Problem: if $X$ is an infinite measure subset of $\mathbb R$ and $f:\mathbb R\to\mathbb R$ is a continuous function integrable over $X$ and all its translations and rotations, is $f$ integrable over $\mathbb R$?
Trying to find a counterexample, I came up with this:
Does $\int_Xe^xdx$ converges? ---edit: no it doesn't
Is there any easy counterexample?
As said before, it does not converge since $a_n ≥ 0$ for all $n ∈ ℕ$ and so $\exp|_X ≥ 1$. Therefore $∫_X \mathrm{e}^x dx ≥ ∫_X dx = ∞$.
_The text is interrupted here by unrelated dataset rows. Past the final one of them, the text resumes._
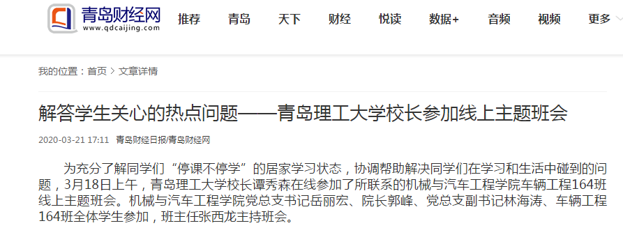 为充分了解同学们“停课不停学”的居家学习状态,协调帮助解决同学们在学习和生活中碰到的问题,3月18日上午,艾弗森贝博ballbet官网校长谭秀森在线参加了所联系的机械与汽车工程学院车辆工程164班线上主题班会。机械与汽车工程学院党总支书记岳丽宏、院长郭峰、党总支副书记林海涛、车辆工程164班全体学生参加,班主任张西龙主持班会。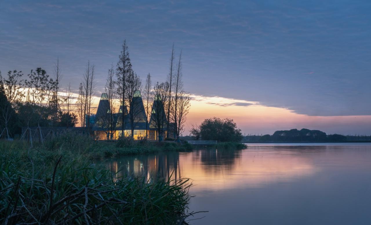 建筑对到访者提供体验风景的新视角。屋顶檐口被统一压低在2.7米。站在檐下向外观赏,平原湿地的广阔与静谧如同被收入画卷之中。空调出风口也被设置为地面出风,减少低檐口屋顶内饰中的视觉干扰因素。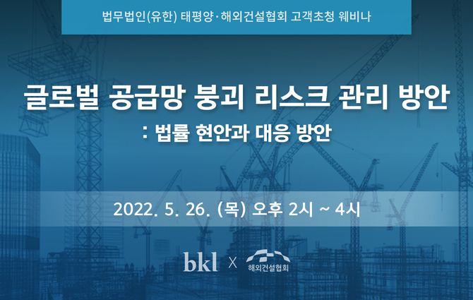 (조세금융신문=고승주 기자) 법무법인 태평양(대표 변호사 서동우)이 오는 26일 오후 2시 글로벌 공급망 위기에 빠진 건설업의 해법을 모색하는 웨비나(웹 세미나)를 개최한다.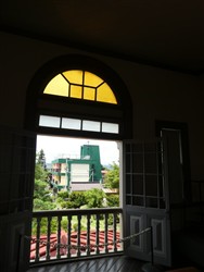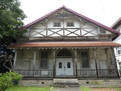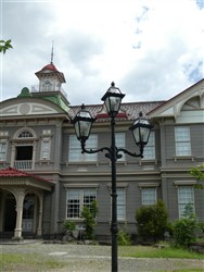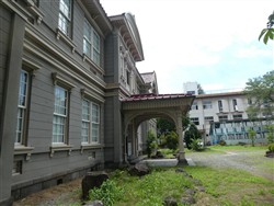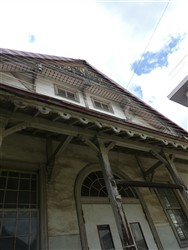 ルネサンス様式を基調とした木造桟(さん)瓦葺き二階建て。一階と二階の境に巡らせたコーニス(胴蛇腹)にこの様式の特徴が見られます。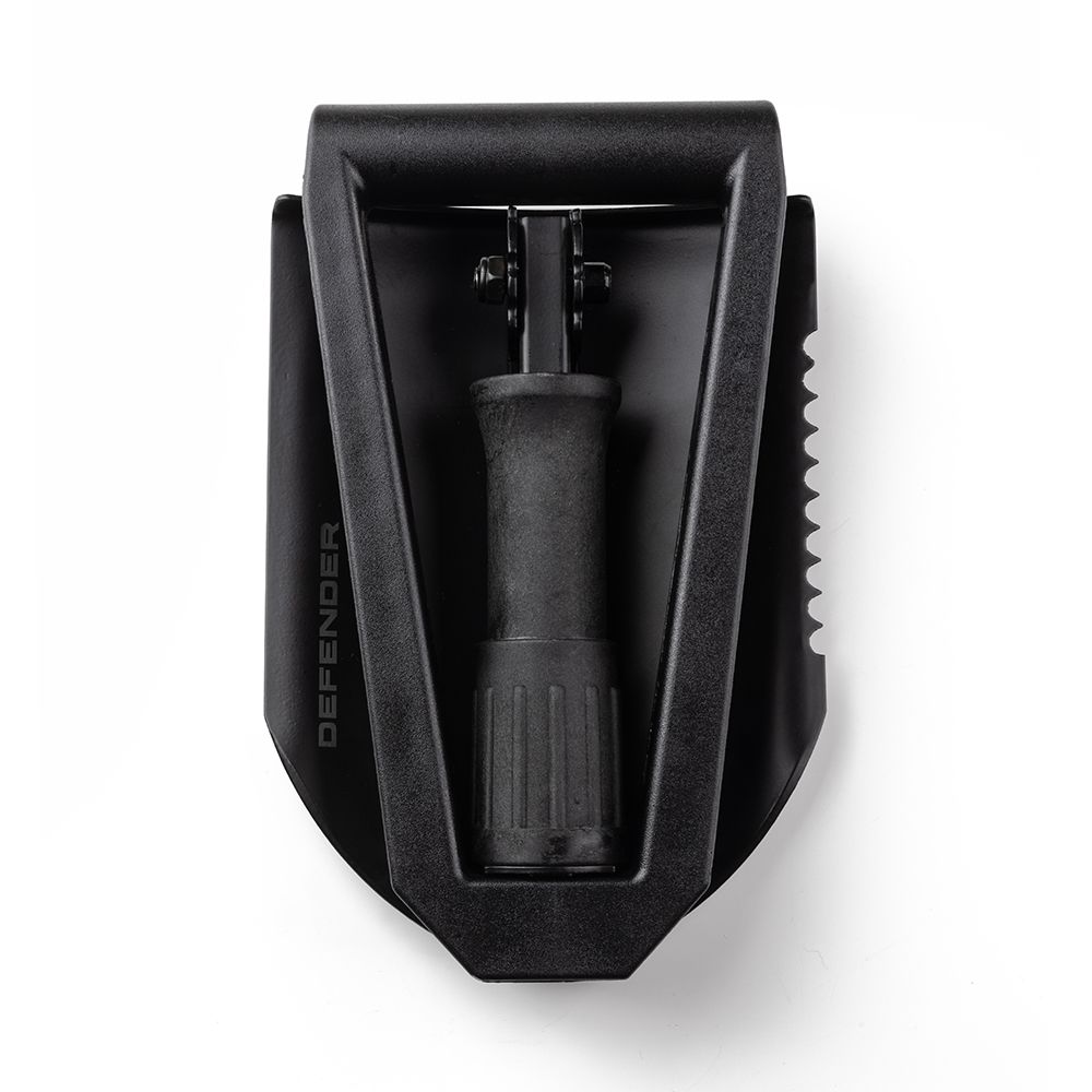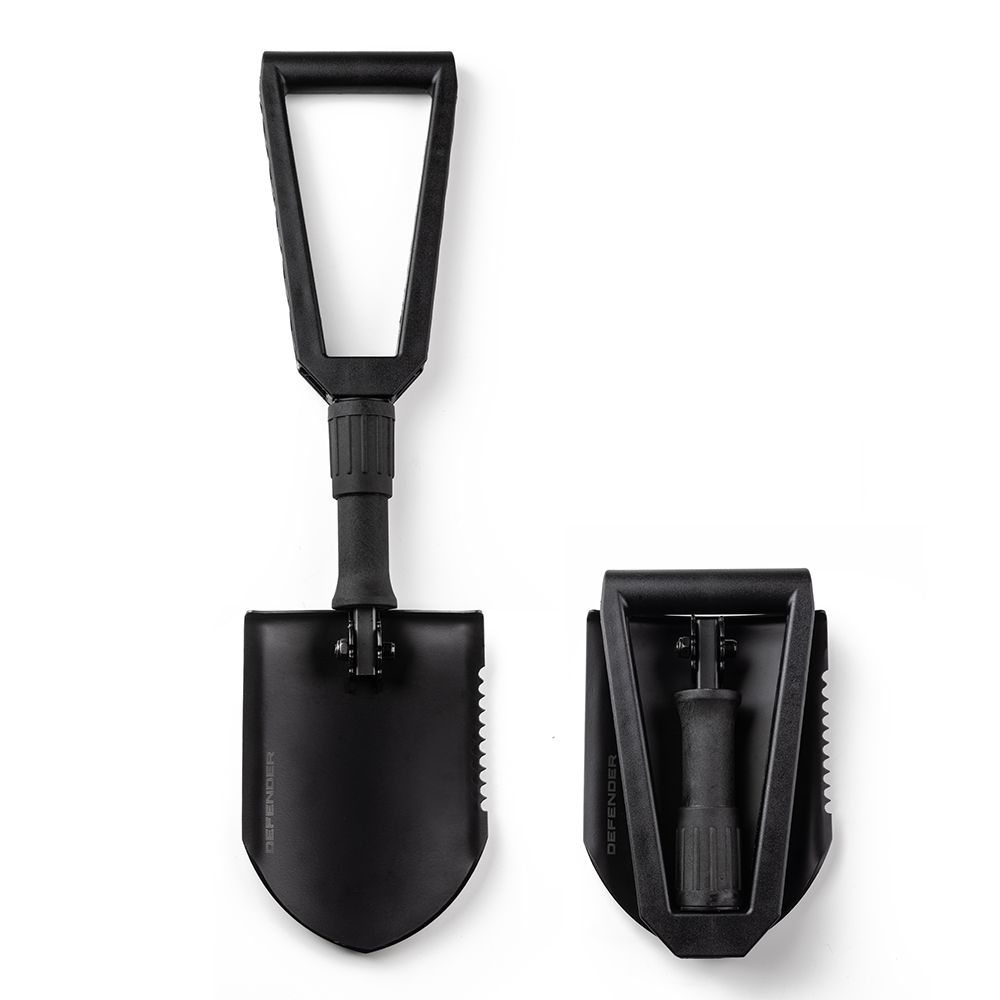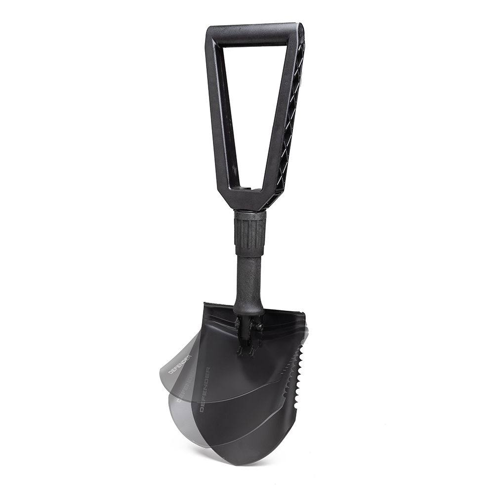 A tool to travel with. The all-terrain shovel folds down into a portable size. Reinforced folding shovel designed for easy storage. Easy-grip. Dual edged for multi-purpose use. Rigid handle for leverage and durability.

Okay, so the idea is to use the divergence of $Σ_n \frac 1 n$ vs. the convergence of $Σ_n \frac 1 {n^2}$.
Let $f \colon ℝ → [0..1],\, x ↦ \min\{1,\frac 1 {|x|}\}$ and $X = \bigcup_{k ∈ ℤ} I_k$, where $I_k$ is the interval of reals bewteen $k$ and $k+\tfrac{1}{k}$. Then $∫_ℝ f(x)dx = ∞$ and $∫_X f(x)dx \approx \sum_n \frac{1}{n^2} < ∞$, and this probably won’t change with translations or reflections. Now, I cannot give you a proof of this without investing too much time because I am not good at analysis, but I’m very certain that this works out. I hope that helps.
(If you can work this out, I would like to see the full argument.)